While notional acceptance is usually reserved for individual players, I observed a similar pattern on a national scale. When Les Bleus perform well, they are a symbol of a positive France, when they do not perform well, they represent a France torn by racial and ethnic divides. A journalist for Le Monde wrote: “a victory and it is successful integration; a defeat and it is the absence of binding, the rising communitarianism.”
Therefore, the acceptance of immigrant players is dependent on their performance and behaviors, and the acceptance of the team in its entirety as a symbol of a successfully multicultural France is also dependent on the performance of the team. France appears as a country under tension, willing to throw its weight behind highs and lows because it lacks a comfortable and stable middle ground.
Symbol of Integration
Sometimes the media articles wrote about individual minority players as symbols of integration. In other words, their foreign origins or cultural differences are sometimes mentioned, but the players are praised for being for France, for representing their ability to “be French.” While many minority players received this treatment in the analyzed articles, Zinedine Zidane was the most common.
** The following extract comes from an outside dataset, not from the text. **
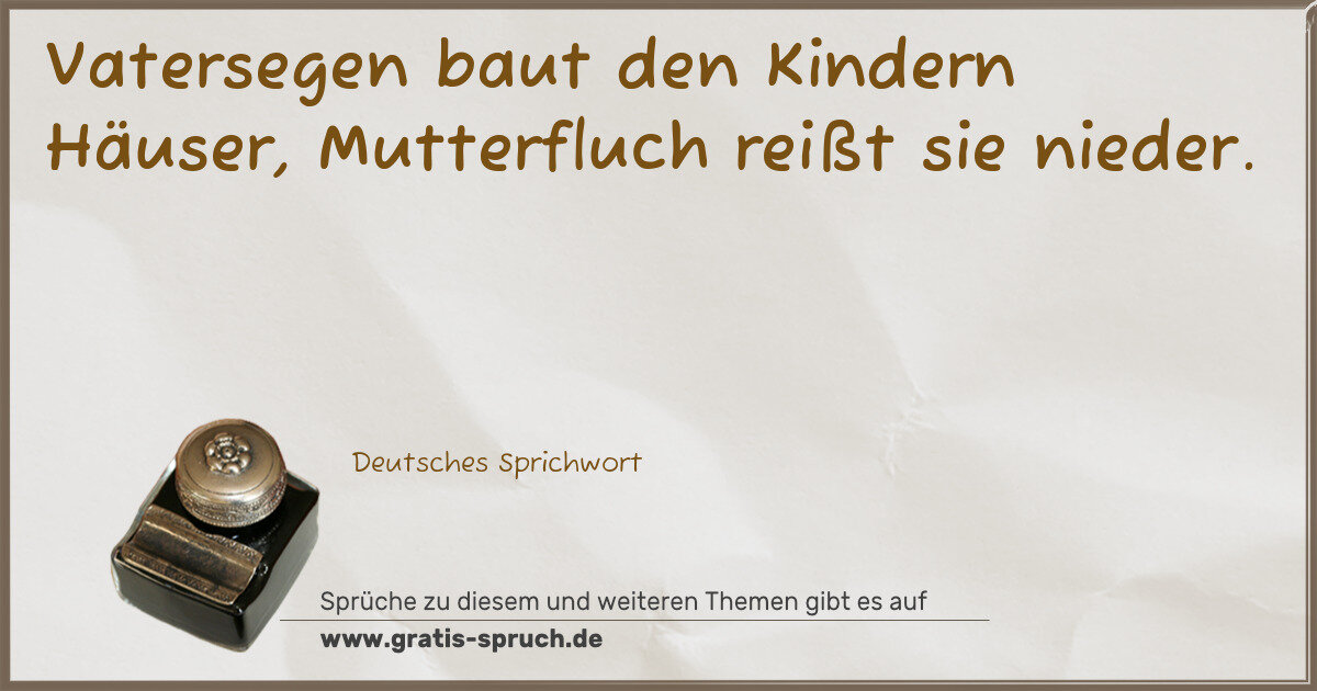 Vatersegen baut den Kindern Häuser, Mutterfluch reißt sie nieder.

Elite football players, by means of how much time they devote to football, are model minorities, as they spend the majority of their time in pursuit of what is, essentially, French glory. This is the ideal of integration for France: minorities who join pre-existing French structures, like the football team, and dedicate themselves to it while espousing French values rather than foreign values. Zidane, for example, is the ultimate French integration symbol because he brought the French team to victory and never challenged the state, never used his position to effect change. Instead, this son of foreigners dedicated himself to France and the French team. He’s the perfect symbol—all for France.
Brawn vs. Brains
The category “brawn vs brains” denotes the ethnicization or racialization of certain characteristics, specifically that Black athletes are described as successful because of their strength and physicality while white players are characterized as successful because of intelligence and/or hard work.
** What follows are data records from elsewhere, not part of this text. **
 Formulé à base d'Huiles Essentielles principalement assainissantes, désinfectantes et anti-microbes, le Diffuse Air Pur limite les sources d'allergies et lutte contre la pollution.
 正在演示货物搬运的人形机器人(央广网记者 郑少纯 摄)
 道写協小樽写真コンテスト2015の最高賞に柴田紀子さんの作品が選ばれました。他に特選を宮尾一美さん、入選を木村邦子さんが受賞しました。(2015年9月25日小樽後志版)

One article quoted Bordeaux coach, Willy Sagnol: “The advantage of the typical African player…is a player who is ready for combat, who can be described as powerful. But football is also technique, intelligence, discipline.” This coach stereotyped the African player as powerful, a physical trait, and then used a qualifier to discuss other aspects of football—technique, discipline, intelligence—as qualities that this “typical player” does not possess. This suggests that one cannot possess both physical capabilities and mental capabilities.
Brawn versus brains was brought to a head during the French quota affair in 2011. French news site Mediapart reported that the leaders of French football were proposing an unofficial quota on the number of African origin players allowed in training centers, with one of the reasons for the quota being that there were too many “big athletic Blacks and not enough little whites who have the intelligence of the game in French football.” There is nothing wrong with praising an athlete for their physical ability, the damage arises when physical superiority is associated with intellectual inferiority.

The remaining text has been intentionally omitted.